Silakan mampir di artikel terkait: Seru Loh! Berkuda di Kebun Teh Puncak
Aturan membagikan foto atau video di media sosial terutama adalah tentang pakaian dan pose. Jadi hanya akan membagikan foto terutama anak perempuan yang menggunakan jilbab dan pakaian menutup aurat saat dia sudah berusia di atas 7 tahun. Ada beberapa foto saat balita masih belum menggunakan jilbab, itu tidak mengapa. Pose juga harus memenuhi kaidah kesopanan.

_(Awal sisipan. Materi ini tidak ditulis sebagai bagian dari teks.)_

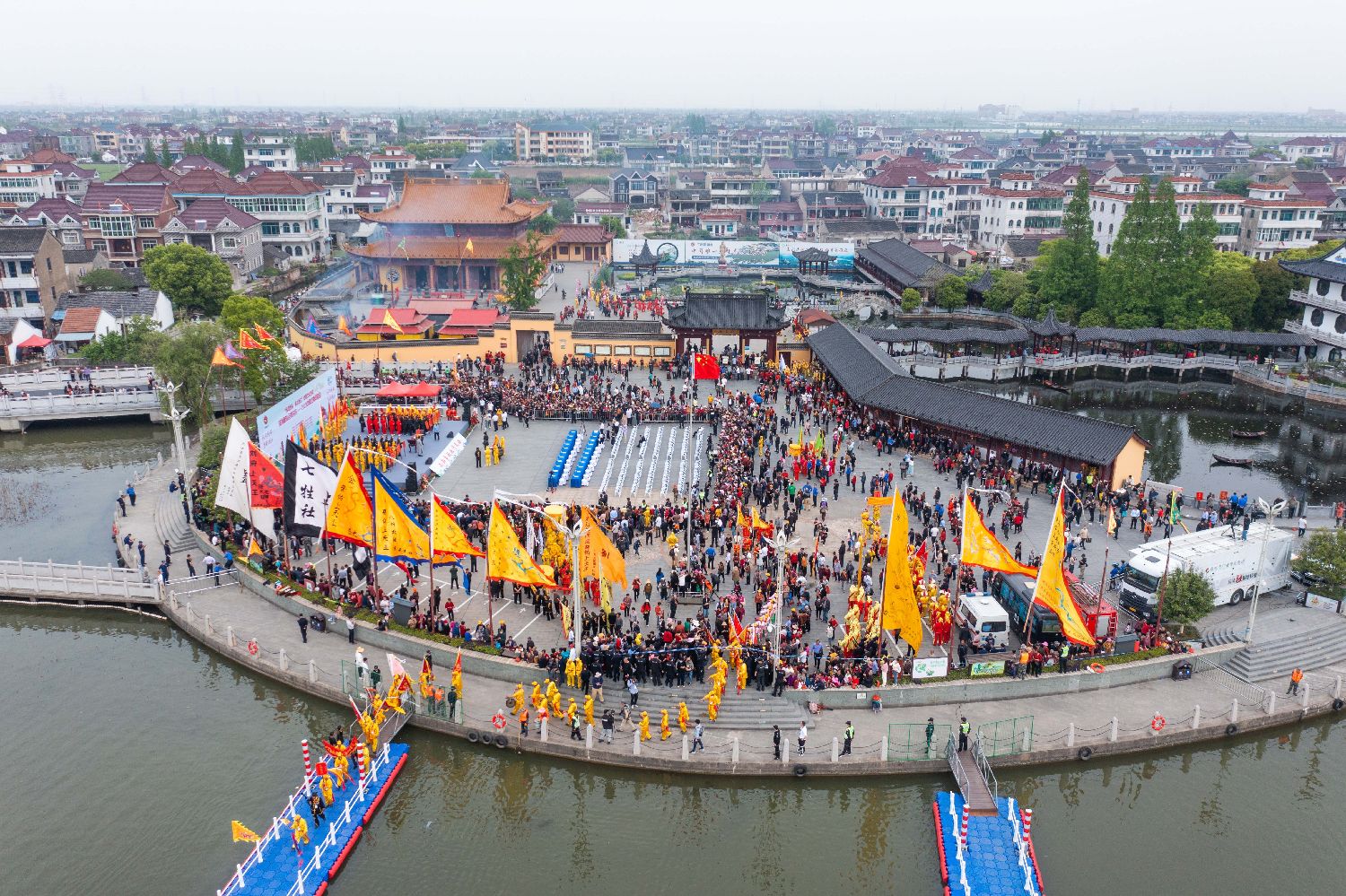 4月18日,大型民俗活动中国江南网船会在浙江省嘉兴市秀洲区王江泾镇莲泗荡风景区举办,江浙沪一带渔民、船民纷纷驾船前来赶庙会,呈现一场“水上民俗盛宴”。网船会起源于清末民初,是当地渔民自发组织的原生态民俗祭祀活动。百余年来,江南网船会已成为渔民、船民自己的盛大节日,2011年被中国政府列入国家级非物质文化遗产名录。

Ada hal penting yang harus dijaga agar tidak menimbulkan dampak negatif. Kita harus merahasiakan tanggal kelahiran anak. Bila anak masih TK atau SD dan belum paham tentang kewaspadaan diri, jangan menjelaskan secara detail lokasi sekolah. Hindari membagi sesuatu yang tidak disukai anak atau dapat mempermalukan mereka.
Sampai usia SD, usahakan nomor anak adalah nomor yang dipegang orang tua. Hindari juga anak dari memiliki telepon genggam dengan nomor pribadi. Â Sejauh ini, anakku memang baru punya nomor pribadi setelah SMA. Bahkan di boarding school tidak boleh membawa telepon genggam, tetapi boleh membawa komputer jinjing untuk tugas dan segala keperluan akademik. Telepon genggam hanya bisa digunakan saat berada di rumah liburan.
Artikel terkait ada di link berikut: Ngabuburit di Perpustakaan atau Toko Buku, Why Not?Â
Aku menulis artikel tentang proses pengasuhan atau parenting seperti tentang membangun literasi sejak dini. Kegiatan liburan yang bermanfaat juga aku buat artikelnya agar menginspirasi orang tua lain. Proses belajar anak ketika bersekolah di pesantren dapat menjadi rujukan orang tua yang ingin memilih sekolah berasrama.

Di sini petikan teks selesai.